++++ Record set
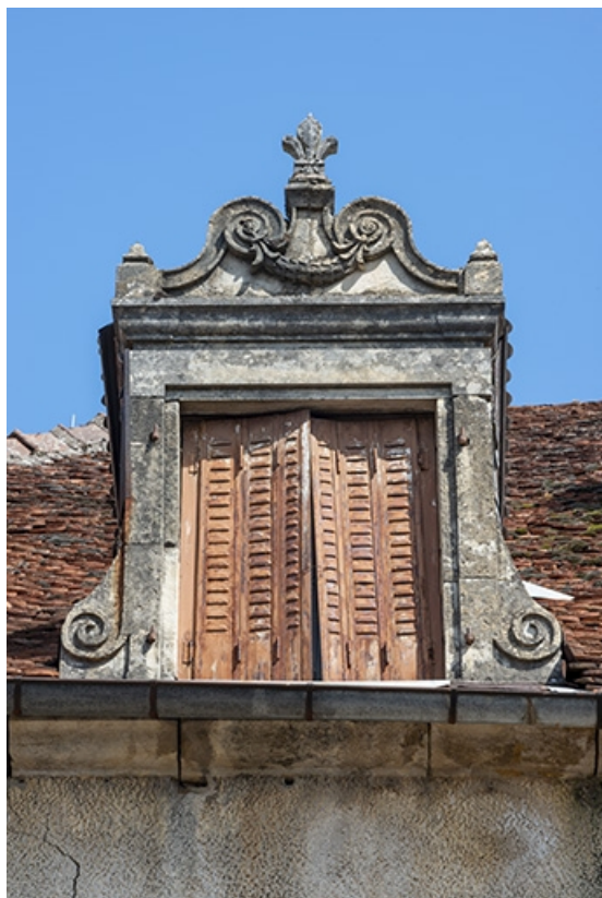
Détail de la lucarne gauche.
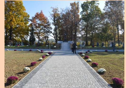
Облаштовано "Сквер пам'яті минулих літ" в с.Болохів
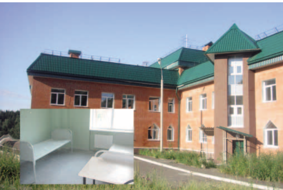
Новый корпус Пермской краевой клинической психиатрической больницы в микрорайоне Банная гора. Июль 2011

Как было отмечено на заседании, психические заболевания – серьезная медико-социальная проблема современного общества. По данным Всемирной Организации Здравоохранения (ВОЗ) более 450 млн людей в мире имеют психические отклонения. По прогнозам ВОЗ, к 2020 году психические расстройства войдут в первую пятерку болезней, ведущих к потере трудоспособности.
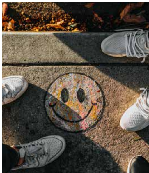
Optimistisch over de samenwerking

MissieNederland presenteert zichzelf nadrukkelijk als netwerkorganisatie. De Raad is een formeler verband, dat in principe niets doet zonder dat alle lidkerken het ermee eens zijn. Het is het type organisatie waarin hiërarchie een rol speelt, en procedures lang kunnen zijn. Geen aantrekkelijk beeld voor een
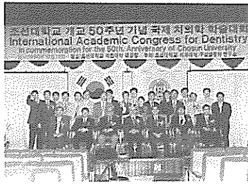
▲ 학술대회 장면
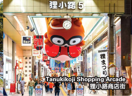
Tanukikoji Shopping Arcade 狸小路商店街
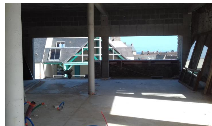
Intérieur de la Bibliothèque
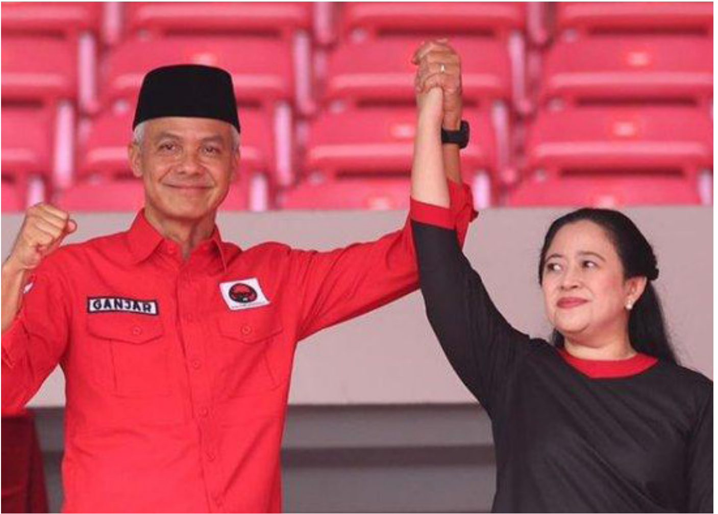
Puan Maharani bersama bakal capres PDIP Perjuangan Ganjar Pranowo.
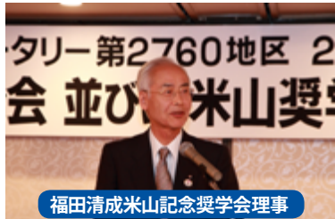
福田清成米山記念奨学会理事
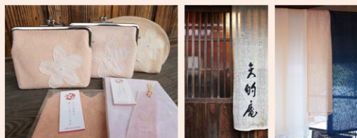
矢的庵 (やまとあん)

※本菜、マクロビオティックでは肉類や卵、乳製品は使用しませんが、このコーナーではあくまでも「マクロビオティックのエッセンスを交えたお弁当」という考え方に基づいて、柔軟性を持ったメニュー開発をおこなっています。
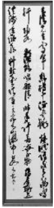
河村良夫さんの作品「中夜枕上口号」(書の部)
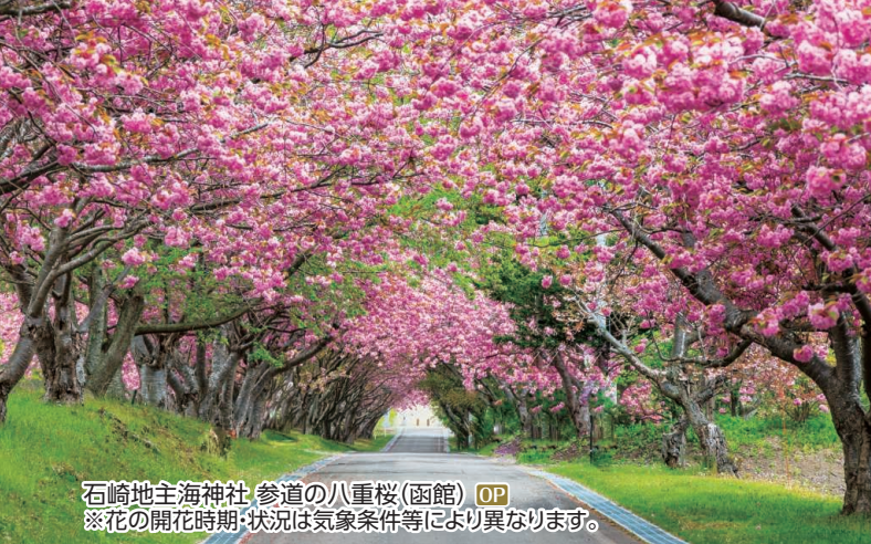
石崎地主海神社 参道の八重桜(函館) OP ※花の開花時期・状況は気象条件等により異なります。
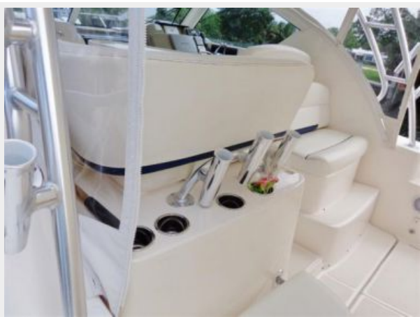
Cup & Rod Holders
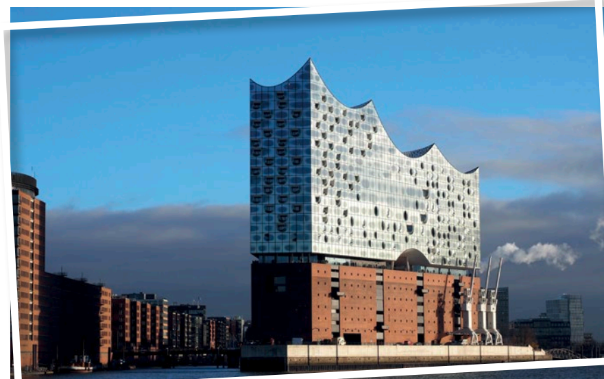
Elbphilharmonie Hamburg

SÜDWEST PRESSE Hapag-Lloyd Gemeinsam die Welt erleben!
++++++++
__Exercise prompt__
Repeat each line above exactly. The pictures stay out.

__Reply to the exercise__
Détail de la lucarne gauche.
Облаштовано "Сквер пам'яті минулих літ" в с.Болохів
Новый корпус Пермской краевой клинической психиатрической больницы в микрорайоне Банная гора. Июль 2011

Как было отмечено на заседании, психические заболевания – серьезная медико-социальная проблема современного общества. По данным Всемирной Организации Здравоохранения (ВОЗ) более 450 млн людей в мире имеют психические отклонения. По прогнозам ВОЗ, к 2020 году психические расстройства войдут в первую пятерку болезней, ведущих к потере трудоспособности.
Optimistisch over de samenwerking

MissieNederland presenteert zichzelf nadrukkelijk als netwerkorganisatie. De Raad is een formeler verband, dat in principe niets doet zonder dat alle lidkerken het ermee eens zijn. Het is het type organisatie waarin hiërarchie een rol speelt, en procedures lang kunnen zijn. Geen aantrekkelijk beeld voor een
▲ 학술대회 장면
Tanukikoji Shopping Arcade 狸小路商店街
Intérieur de la Bibliothèque
Puan Maharani bersama bakal capres PDIP Perjuangan Ganjar Pranowo.
福田清成米山記念奨学会理事
矢的庵 (やまとあん)

※本菜、マクロビオティックでは肉類や卵、乳製品は使用しませんが、このコーナーではあくまでも「マクロビオティックのエッセンスを交えたお弁当」という考え方に基づいて、柔軟性を持ったメニュー開発をおこなっています。
河村良夫さんの作品「中夜枕上口号」(書の部)
石崎地主海神社 参道の八重桜(函館) OP ※花の開花時期・状況は気象条件等により異なります。
Cup & Rod Holders
Elbphilharmonie Hamburg

SÜDWEST PRESSE Hapag-Lloyd Gemeinsam die Welt erleben!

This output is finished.